Let me deal with the proposal of changing the name first. Let me emphasize from the outset that my proposal to change the name was not for the sake of change itself. First and foremost was my resolve to see the organization more realistically reflecting the new political map and power relations in the region during that time. The People’s Republic of China, which already reoccupied its lawful seat in the United Nations, would be encourage to a more active role. Likewise with Vietnam in the aftermath of the Vietnamese war. Last but not least was the emergence of the Southeast Asian and Pacific countries on the political scene. The term Far East also carried with it political connotation –“far” from the Hague, London and France?

 

I brought up the subject of changing the name from Far East into Pacific at one of my first meeting with General Carlos Romulo of the Philippines, who was Foreign Secretary at that time.

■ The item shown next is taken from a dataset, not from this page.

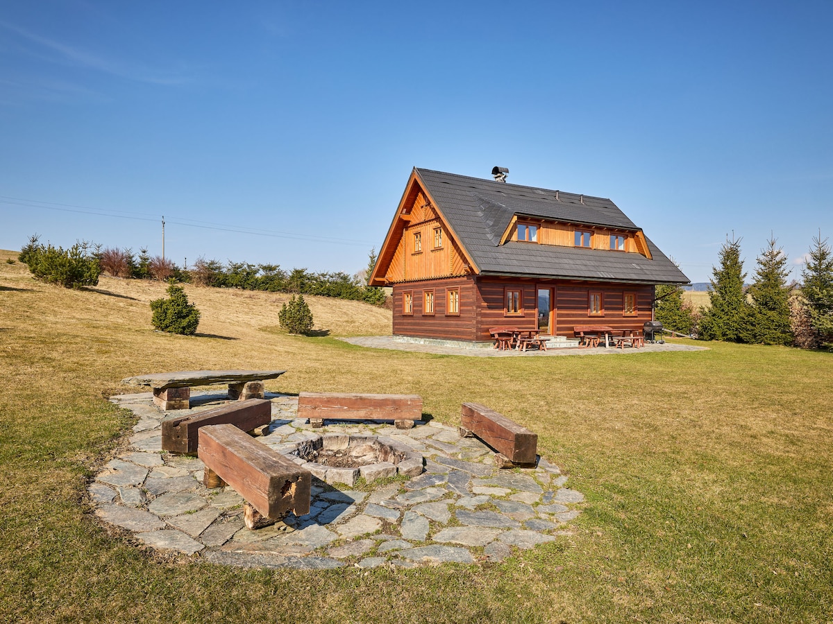 Elegante sistemazione nel cuore dei Monti Jizera, dove tutti possono trovarla - perfetta per gli amanti delle escursioni a piedi e in bicicletta, per un gruppo di amici e familiari con bambini, per chi ama l'adrenalina a Singltrek pod Smrkem e per chi cerca pace e relax nella natura..... o con il vino nella vasca idromassaggio. I bambini sono a casa: abbiamo pensato a loro. Troveranno una casa da parata con scivolo, una sabbiera, un letto a base di mirtilli, un ruscello privato e tutto il resto di cui potrebbero aver bisogno.

He was a very enthusiastic supporter since it was he himself had first initiated the proposal to substitute Far East with Pacific. However, this was turned down by my predecessor who had insisted that ECAFE was already a household word.

 

I suggested to Romulo to add the word Social as well since the regional commissions were subsidiary bodies of the Economic and Social Council of the United Nations. More important, however, was that the term social was intended to reflect an integrated approach to development embraced not only economic indicators but social dimensions as well. And members themselves would pledge themselves to pursue policies to create a more just and rational world economic and social order, where equality of opportunity was to be much a prerogative of nations as of individuals within a nation.

 

I proposed to rename ECAFE to the Economic and Social Commission for Asia and the Pacific. General Romulo nodded in agreement. His only question was what the abbreviation would be. I replied “Something like ESCAP”. He thought for a while and said.  ”I agree as long as it is not escape”.

 

I submitted my proposal to the annual session of ECAFE that was held in Colombo in 19743m, my first session as Executive Secretary.

 

My proposal was adopted unanimously and subsequently endorsed by ECOSOC and United Nations General Assembly. ECAFE was subsequently renamed ESCAP as of 1974.

 

From then on I was referred to as Mr. ESCAP.